Так с песнями и доплыл до слияния Иркута с рекой Открытый рот, позднее – Ангарой. На стрелке в дырявом шалаше посреди болота жили северные демоны (просто плохие люди) – людоед Лубсан и его жена, непонятной веры «спыть», Меза Бумджид. Супруги гостеприимно зазвали путника к себе на обед:
– Заходи, заодно и пообедаем!
Лубсан принялся точить ножи, стучать ложками по столу и намеренно подливать гостю ягодной бражки, чтобы споить и воспользоваться беспечностью пьяного, а хитрая Меза подсыпала в напиток горсти сушёных мухоморов, волчью ягоду, бледные поганки и ядовитых рогатых тараканов, чтобы крепче взяло. Но непьющий Джору Чонавич Эсегов отраву выблевал. Зато Лубсан, жадно хлебавший ядовитую жидкость (думал: чем больше выпью сам, тем быстрее захмелеет гость), захлебнулся блевотиной и быстро умер.

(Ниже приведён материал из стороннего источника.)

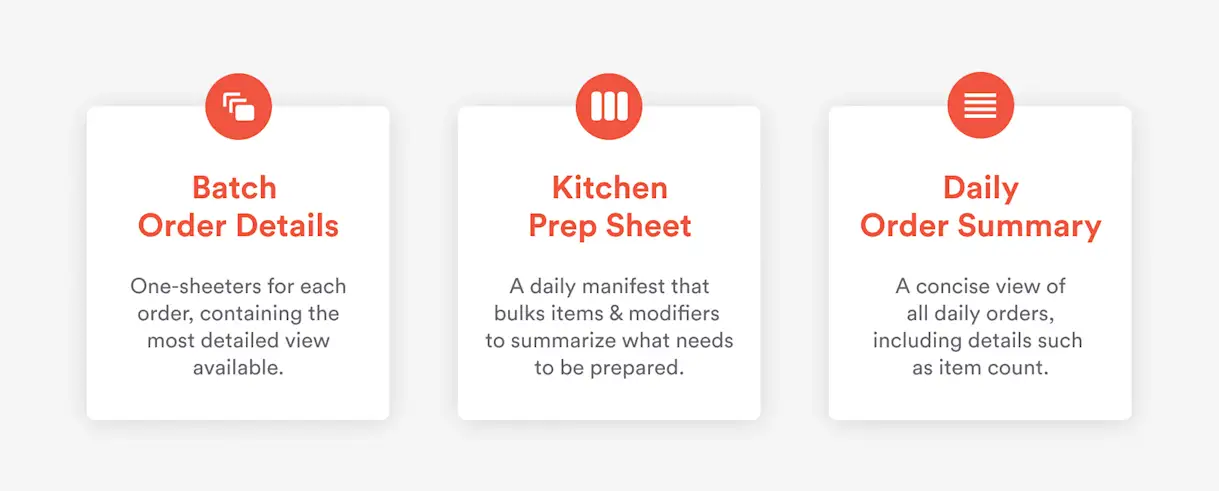 Solution: Online Catering automatically prepares three documents to streamline kitchen operations: Batch Order Details, Kitchen Prep Sheet and Daily Order Summary.

Меза осталась соломенной вдовой и попыталась соблазнить сопляка (сопли у него за порог шалаша свешивались) прямо тут, на соломе. Накинула для предохранения белый траурный подол на голову (а голова у неё была совсем не по циркулю, нос в пятнадцать раз больше, чем у простой шолмасы, не жившей с людоедом; из-за такого носяры её всегда заворачивало на ветру) и попыталась завалить Чонавича на пахнущую черемшой подстилку. Тот по малолетству не понимал, чего хочет Бумджид, и отчаянно боролся, применяя тайный приём борьбы «сыми штаны», которому его для смеха научили разведчики-невидимки. Оставшись без штанов, Меза поняла, что с пацаном ей не совладать, и занялась делом: разрезала дохлого супруга на мелкие кусочки, бросила в котёл и принялась варить фирменный бульон «напиток забвения». Джору выпил маленечко – полтора ведра, – и ему показалось, что попал он таки в северную страну Лин, править которой дал обет отцу небесному Малану, И стал радостно жить в полном забвении три года с Мезой, воображая, что правит царством земным.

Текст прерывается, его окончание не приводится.